Figure 4:. Quantifying error in estimates of FˆGr and sample PCs for the six-by-six stepping stone demographic model.

(A) Given the stepping stone demographic model used in Figure 3, individuals within a deme are exchangeable and have the same ${\tilde{F}}_{Gr}$ and population PC value. Therefore we used variation within demes to estimate the error in ${\hat{F}}_{Gr}$ and a lower bound for the error in sample PCs (see Section 5.6.1 and Section 5.6.2 for details) for different values of $L$ (we hold $M=1,400$). The dashed vertical line indicates PC 35, the last population PC we expect to capture real structure. (B) When latitude is the test vector, both sample PCs and ${\hat{F}}_{Gr}$ are well estimated and bias in $\hat{q}$ is reduced. (C) When a single deme indicator variable is the test vector, higher PCs are needed to capture ${\tilde{F}}_{Gr}$. These sample PCs are not well estimated and residual bias remains when 35 PCs are used for most values of $L$.

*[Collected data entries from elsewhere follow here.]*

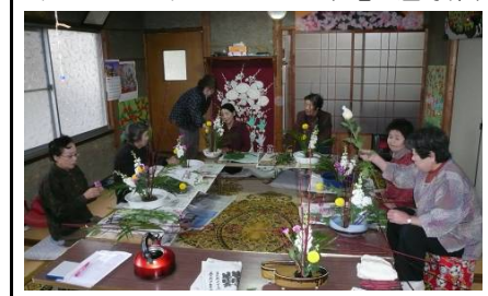
同じ材料でもそれぞれ個性が出ますね。

取材日 12月13日(月) 10:00~ 丹原町来見(中川) 中川さくら保育園の隣りにある庵寺で、信心深い皆さんが庵の清掃後に活動しています。会員の中にお花の先生もおり、普段は季節の花を持ち寄りますが、年末のこの日はお正月用にサンゴミズキ、ストック、ピンポン菊、スプレーカーネーション、アレカを用い思い思いに生けてみます。「右相、左相にこのお花を入れたらかわいらしいね」嵯峨御流の奥義を学び、美しい花を愛で心が落ち着き、より女らしくなります。 生け花の後は手際よく押し寿司を作り、菜の花や紅葉をあしらったお盆になますや黒豆、フルーツ等を美しく盛り付け懐石料理の出来上がり。美しい料理も愛でお腹と心で堪能しました。 また前日は、とうえん祭の餅つきにも参加し底力を発揮したそうです。「落ち込んでいた時期もあったけれど、楽しいことに誘ってくれてうれしいの」と笑顔で語ってくれました。 一足早くお正月が来ました！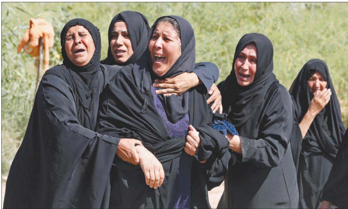
نساء ينتحبن في جنازة أفراد أسرة قتلوا بصاروخ سقط على منزل قرب مطار بغداد الأسبوع الماضي

وفي سياق التخديعات المحتملة لإطلاق الصواريخ بعد هدنة كانت كل المؤشرات تذهب باتجاه صمودها فإن للخبراء المتخصصين رأيهم في هذا المجال. صمود الهدنة وفقاً للتوقعات جاء مع دخول إيران على الخط طبقاً للزيارة التي قام بها إلى إيران مؤخراً وزير الخارجية العراقي فؤاد حسين، فضلاً عن اللقاء الذي جمع أول عبد الأمير يار الله. ورغم التأكيدات الحكومية على العمل بهذا الاتجاه فإن كل الدلائل تشير إلى أن مطّلي صواريخ الكاتوشا لا يزالون هم من يخطرون توقيت إعلان الحرب أو إيقافها برغم إعلان الرئاسات العراقية الثلاث بل نحو أسبوع أنها وحدها من تمكّن قرار الحرب من عدمه وليس أي طرف آخر.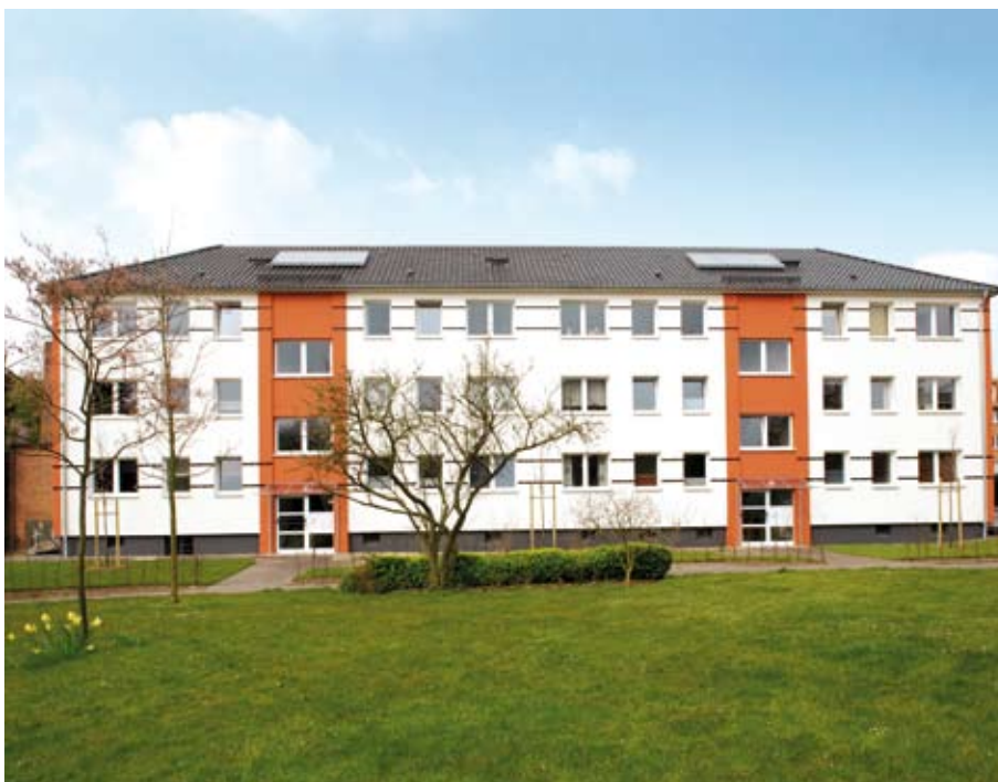
Saniertes Mehrfamilienhaus in Kiel-Holtenau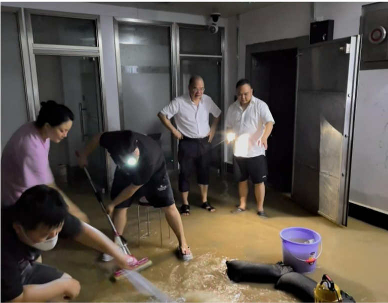
阳桥支行员工排成长队,将积水一桶一桶地排出。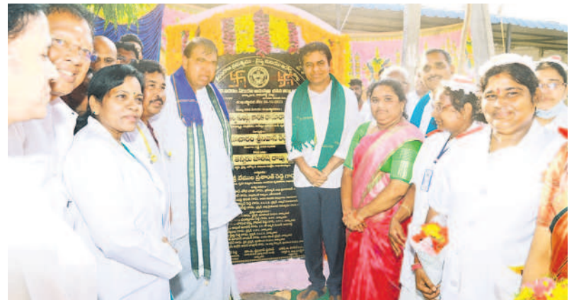
ఏరియా దవాఖాన భవనానికి శంకుస్థాపన చేస్తున్న మంత్రి కేటీఆర్, స్పీకర్ పోచారం, జడ్పీ చైర్మన్ దశాధర్ శోభ

Figure 5:. Different patterns of confounding and FˆGr are captured by different GWAS panel sample PCs.

For the three possible combinations of confounding and polygenic score association tests in Figure 3, we plot the variance in either the confounder or ${\hat{F}}_{Gr}$ explained by cumulative GWAS panel sample PCs, with the top 10 PCs highlighted in a darker color. As ${\tilde{F}}_{Gr}$ is unknown for this model, we estimated the error in ${\hat{F}}_{Gr}$ as 0.011 and 0.04 for latitude and the single deme, respectively, and therefore assume it is a decent proxy for ${\tilde{F}}_{Gr}$. In (A) both the confounder and ${\hat{F}}_{Gr}$ (and therefore ${\tilde{F}}_{Gr}$) represent variation along latitude and are well captured by the first two PCs. For (B) the confounder varies along the diagonal and these individual deme level differences are not well captured by top sample PCs. In contrast, the test vector is still latitude and ${\hat{F}}_{Gr}$ is again well captured by PCs 1 and 2. Finally, in (C), both the confounder and the test vector represent membership in a single deme and therefore not as well captured by top sample PCs.